Repeat the listing below exactly. Pictures do not belong in the copy.

_Given information_
────────────────

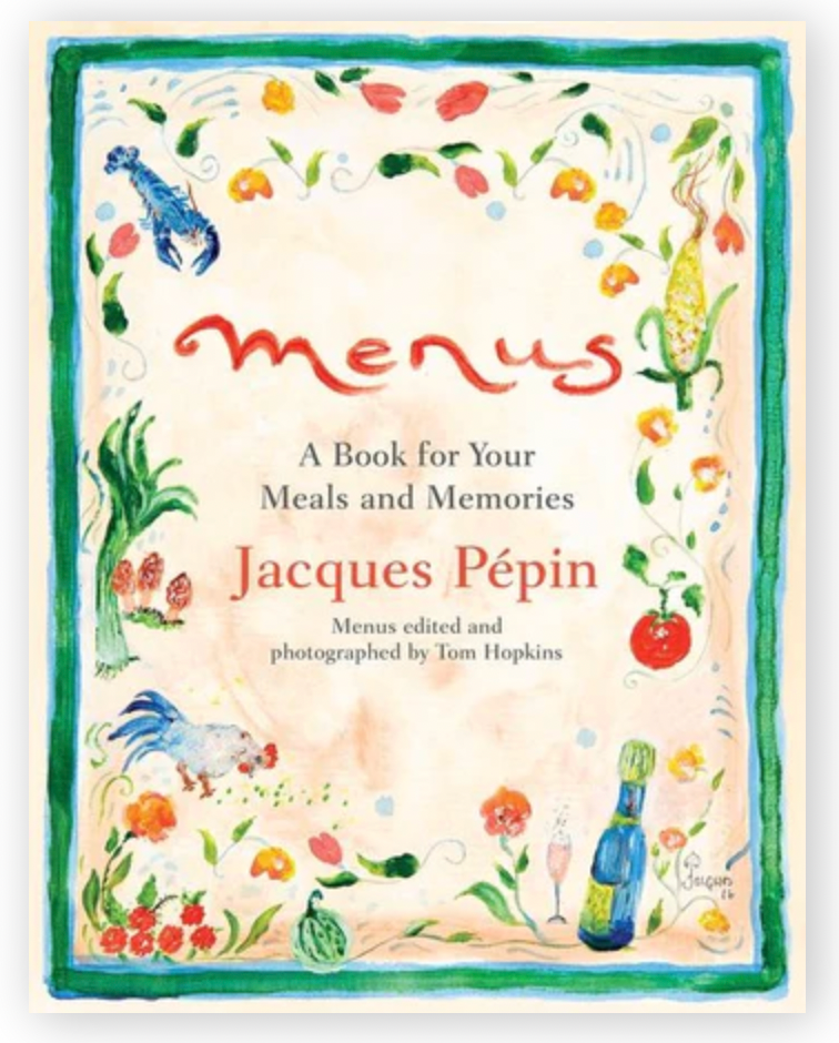 An illustrated journal to record celebrations, with paintings by the legendary chef and artist Jacques Pépin For the last fifty years, Jacques Pépin has created lushly hand-illustrated journals to keep track what he cooked for friends, birthdays, anniversaries, weddings, and holidays. This book collects Pépin’s favorite paintings so you can commemorate your own dinners: the dishes you serve, the wines that accompany them, and even the music you play. Choose from the more than 75 charmingly designed borders and use it to frame your menu. In the space on the opposite page, your guests can sign their names and write little notes. With an introduction by Pépin, this “dinner diary” is both a practical reminder of what dishes were served to which guests and an invaluable archive of memories.
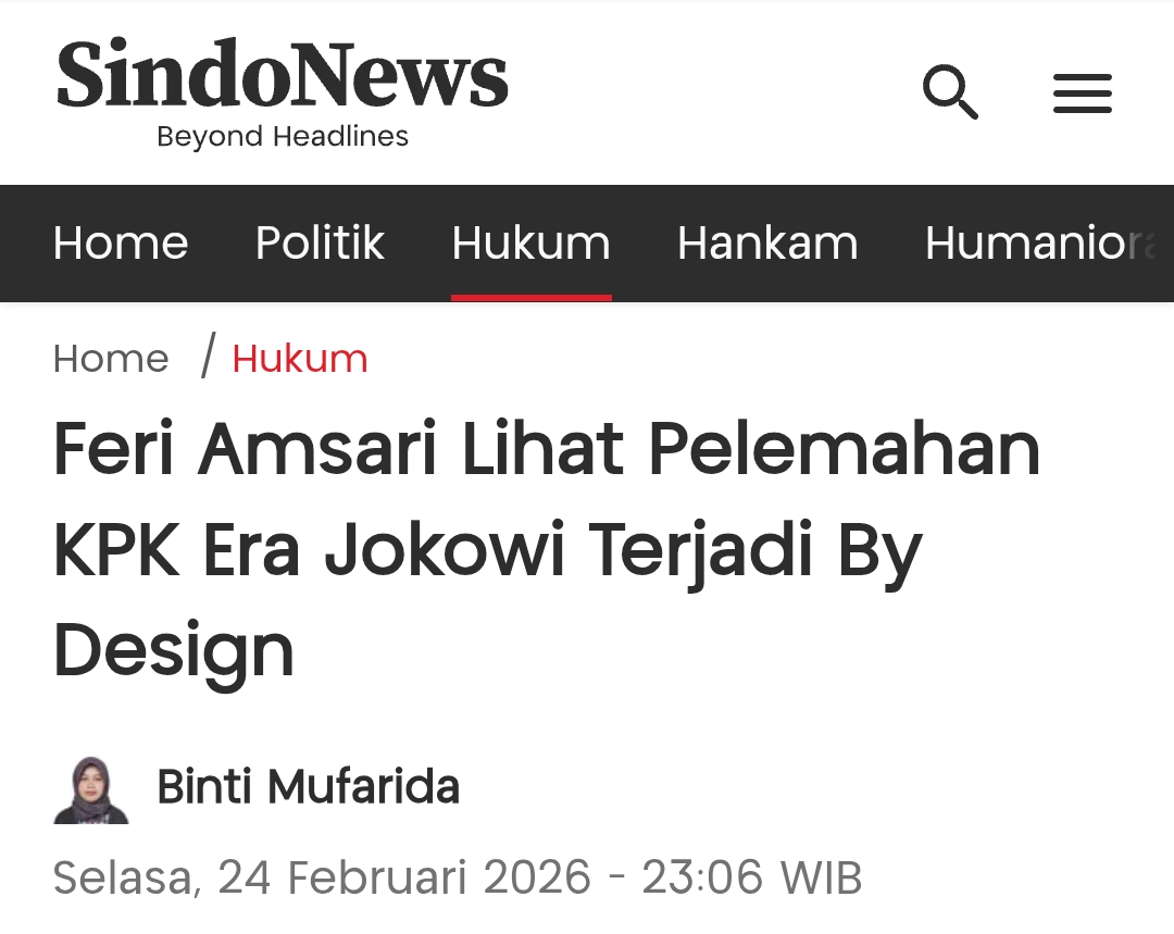 | mpu.gandring [Posts] 3:03:36 pm Feri Amsari menilai pelemahan Komisi Pemberantasan Korupsi pada era Joko Widodo dirancang lewat revisi UU 19/2019, membuat pemberantasan korupsi melemah dan rakyat paling dirugikan |
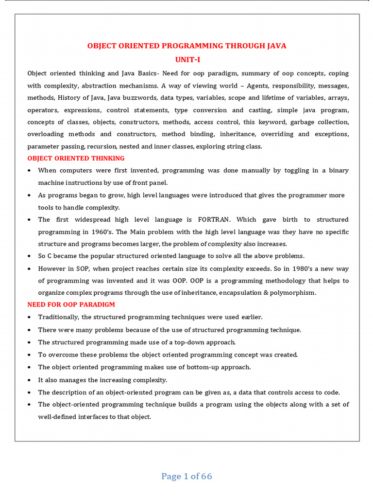 OOPS JAVA UNIT-I Notes | PDF | Object Oriented Programming | Method ...
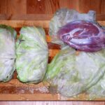 Între timp, se taie foi de varză ca pentru sarmale care se opăresc 5 minute bune în apă fiartă cu sare, după care se scot și se pun la răcit intr-o sită frumoasă, de bucătărie.

────────────────

_Reply to the task_
 An illustrated journal to record celebrations, with paintings by the legendary chef and artist Jacques Pépin For the last fifty years, Jacques Pépin has created lushly hand-illustrated journals to keep track what he cooked for friends, birthdays, anniversaries, weddings, and holidays. This book collects Pépin’s favorite paintings so you can commemorate your own dinners: the dishes you serve, the wines that accompany them, and even the music you play. Choose from the more than 75 charmingly designed borders and use it to frame your menu. In the space on the opposite page, your guests can sign their names and write little notes. With an introduction by Pépin, this “dinner diary” is both a practical reminder of what dishes were served to which guests and an invaluable archive of memories.
 | mpu.gandring [Posts] 3:03:36 pm Feri Amsari menilai pelemahan Komisi Pemberantasan Korupsi pada era Joko Widodo dirancang lewat revisi UU 19/2019, membuat pemberantasan korupsi melemah dan rakyat paling dirugikan |
 OOPS JAVA UNIT-I Notes | PDF | Object Oriented Programming | Method ...
 Între timp, se taie foi de varză ca pentru sarmale care se opăresc 5 minute bune în apă fiartă cu sare, după care se scot și se pun la răcit intr-o sită frumoasă, de bucătărie.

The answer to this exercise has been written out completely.